Whereas the United States can feed itself with only 1 percent of its workforce in agriculture, China devotes 30 percent of its workforce to farming—and still depends on food imports to feed its population... Economic development is, at its core, a process of structural change from agriculture to industry...

[O]ne-third of China’s GDP and 90 percent of its high-technology goods are produced by foreign firms that have merely set up factories in China to snap together components produced elsewhere. This practice, known as 'export processing,' accounts for 90 percent of China’s high-technology exports and 100 percent of China’s trade surplus. On average, of every dollar an American consumer spends on an item labeled 'Made in China,' 55 cents go for components and services produced in the United States. In other words, more than half of the content of 'Made in China' is American...

Since 2006, [CH] has tripled its spending on research and development (R&D), employed more scientists and engineers than any other country, and mounted the most extensive corporate espionage campaign in history. So far, however, these measures have failed to turn China into an innovation powerhouse...

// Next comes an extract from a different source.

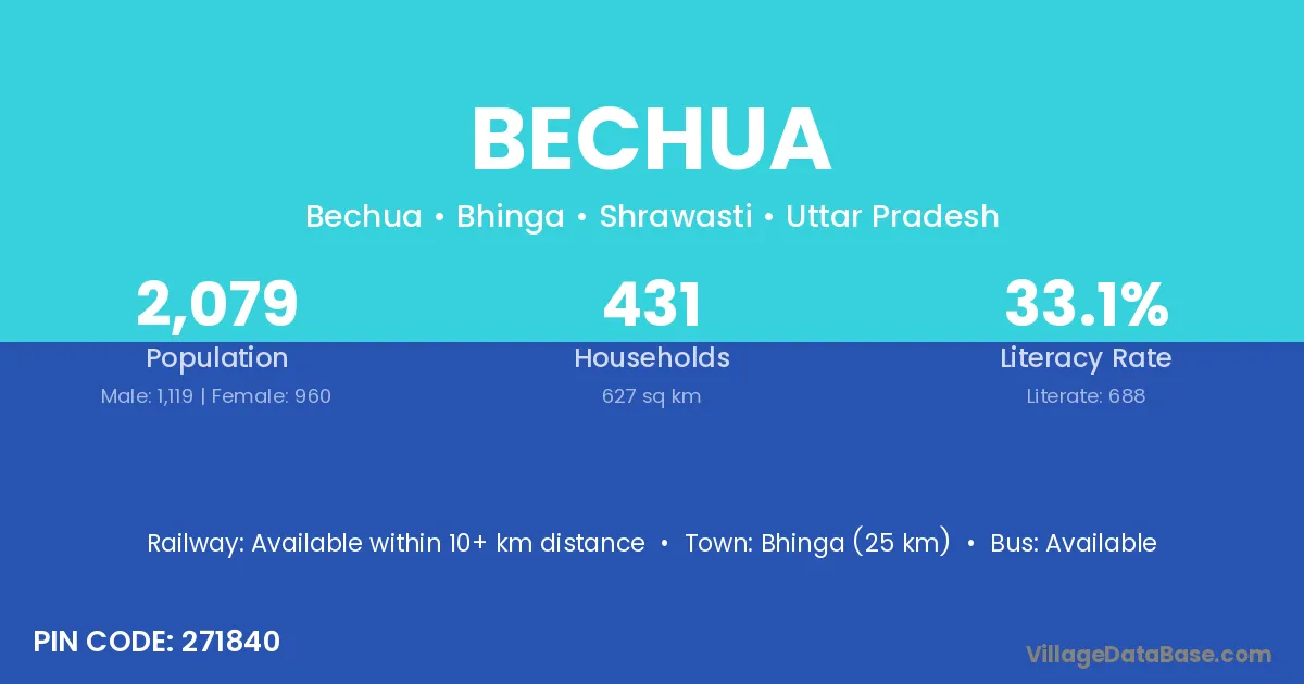 Bhinga (25 km) is the nearest town to Bechua village for major economic activities and is located approximately 25 km away.

According to a former Chinese biochemist turned whistle-blower, 'misconduct is so widespread among Chinese academics that they have almost become used to it.' China now leads the world in retractions of scientific studies due to fraud...

When Chinese firms imported foreign technology, they spent less than 25 percent of the total cost on absorbing the technology, a share far lower than the 200 to 300 percent spent by Korean and Japanese firms when they were trying to catch up to the West in the 1970s. As a result, many Chinese firms remain dependent on foreign technologies and manual labor and have a rudimentary level of automation and digitization...

[R]ecent internal investigations found that the PLA 'is riddled with corruption and professional decay, compromised by ties of patronage, and asphyxiated by the ever-greater effort required to impose political control.' According to U.S. intelligence assessments, 'the level of corruption in the PLA at least equals, and probably far exceeds, the level of corruption in the civilian economy.'...

[In a conflict with Taiwan] China would try to sink merchant ships supplying Taiwan, but rigorous research suggests that the PLA could sink only 1 to 6 percent of Taiwan’s shipping, and these results are based on assumptions that heavily favor China... China might hope that sinking a few merchant ships would deter others from supplying Taiwan. Historically, however, shipping companies and privateers have operated in wartime; in fact, many have volunteered to enter dangerous areas so that they could charge higher premiums. For example, the lure of profits kept seaborne commerce going throughout both world wars and the 1980–88 Iran-Iraq War, wars in which shipping losses were several times greater than what China could hope to inflict on Taiwan...

China’s nine nuclear-powered submarines (four strategic, five tactical) carry less than half the munitions of current U.S. submarines and are louder than U.S. submarines from the 1960s. Consequently, the U.S. Navy, which operates a sound surveillance system in the waters of East Asia, can track China’s nuclear-powered submarines at long ranges. China is developing its own sound surveillance system, but even when it becomes operational (the United States spent forty years developing its system) the PLA will have difficulty tracking U.S. submarines, which are so quiet that they sometimes reduce background noise as they pass by a target. China’s fifty-seven diesel-powered submarines are very quiet when running on their electric batteries, but they sail at half the speed and have half the endurance of U.S. nuclear-powered submarines, so they rarely leave China’s near seas..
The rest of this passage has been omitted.